Although the FP-Growth Algorithm is very efficient and one of the most popular association mining methods, it doesn't provide tools to effectively apply temporal constraints in a simple and efficient way as cSPADE does (see section~\ref{sec:the_spade_algorithm})
\section{The R language}
\label{sec:the_r_language}
For the implementation and execution of the already mentioned methods and algorithms, it is necessary to choose a development environment. There are several options available for Data Mining purposes, and furthermore, algorithms usually are already implemented in several languages as libraries. However, we have found a language of special interest for our purposes: \emph{the R language}\cite{ihaka1996r}.
R is a free software programming language and a software environment for statistical computing and graphics. The R language is widely used among statisticians and data miners for developing statistical software and data analysis\cite{vance2009data,quick2010statistical}.

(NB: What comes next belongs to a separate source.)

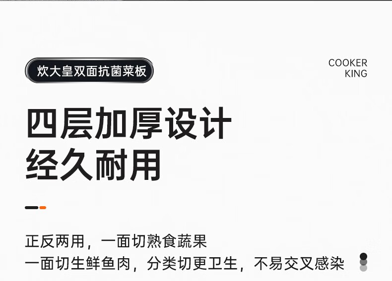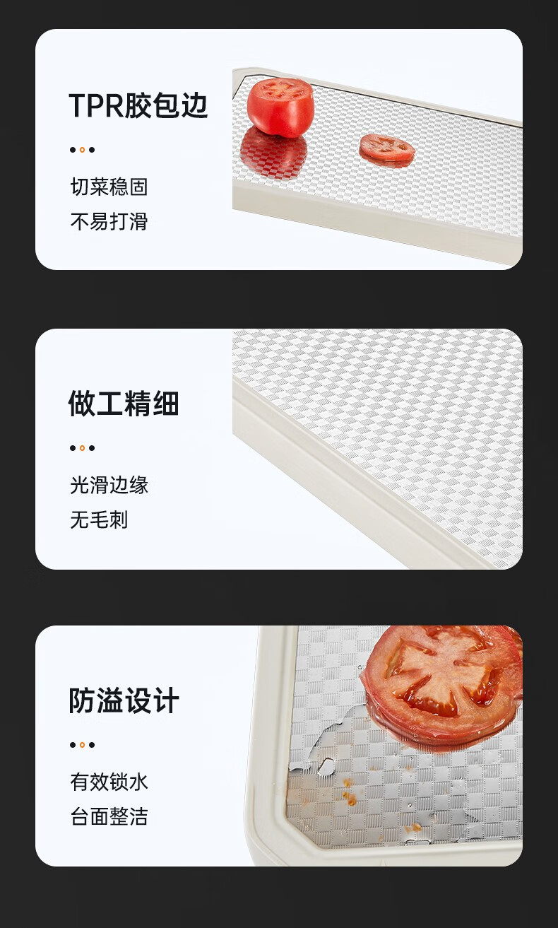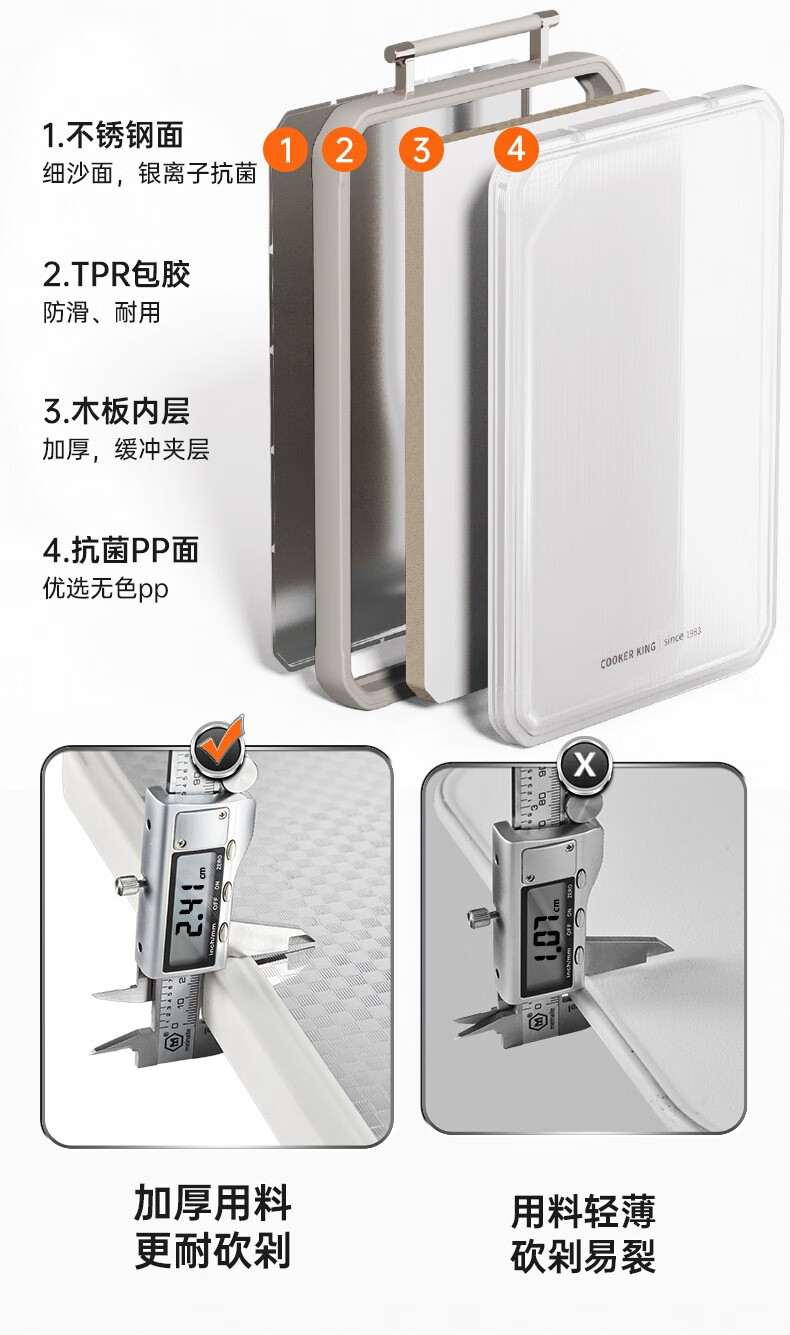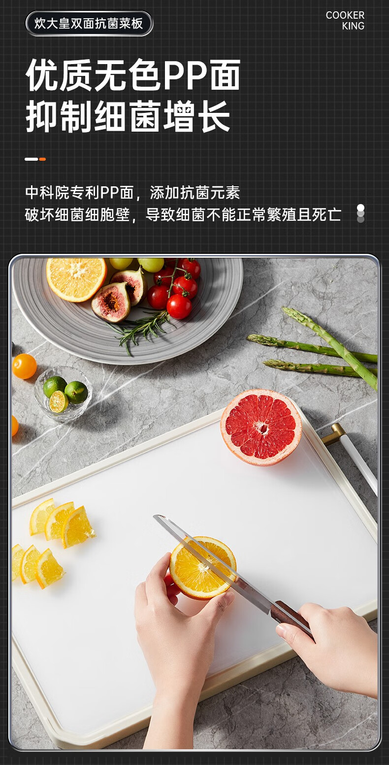 炊大皇 六角双面不锈钢抗菌菜板38*27*2.4cm

As a development environment, the \emph{RStudio}\cite{racine2012rstudio} IDE provides a very comfortable environment for R development. Furthermore, it has a server version which allows for easy computation on remote data mining servers.
\section{The Rule Engine}
It is important to distinguish between the development environment, for which we chose the R language and RStudio (see section \ref{sec:the_r_language}) and the final system itself, which does not need to be implemented or rely on the same technologies used for knowledge discovery.
For the implementation of the final prototype, it is convenient to use an already-existing rule engine\cite{liang2009openrulebench}, as these engines are significantly complex and therefore a custom implementation is less advisable than relying on an already existing and developed one.
Due to the environment in which the prototype is to be deployed, we are entitled to use Java for its implementation. One of the most popular rule engines for Java environments is the \emph{Drools Expert}\cite{browne2009jboss,proctor2007relational} framework, which we will use for the implementation of the prototype.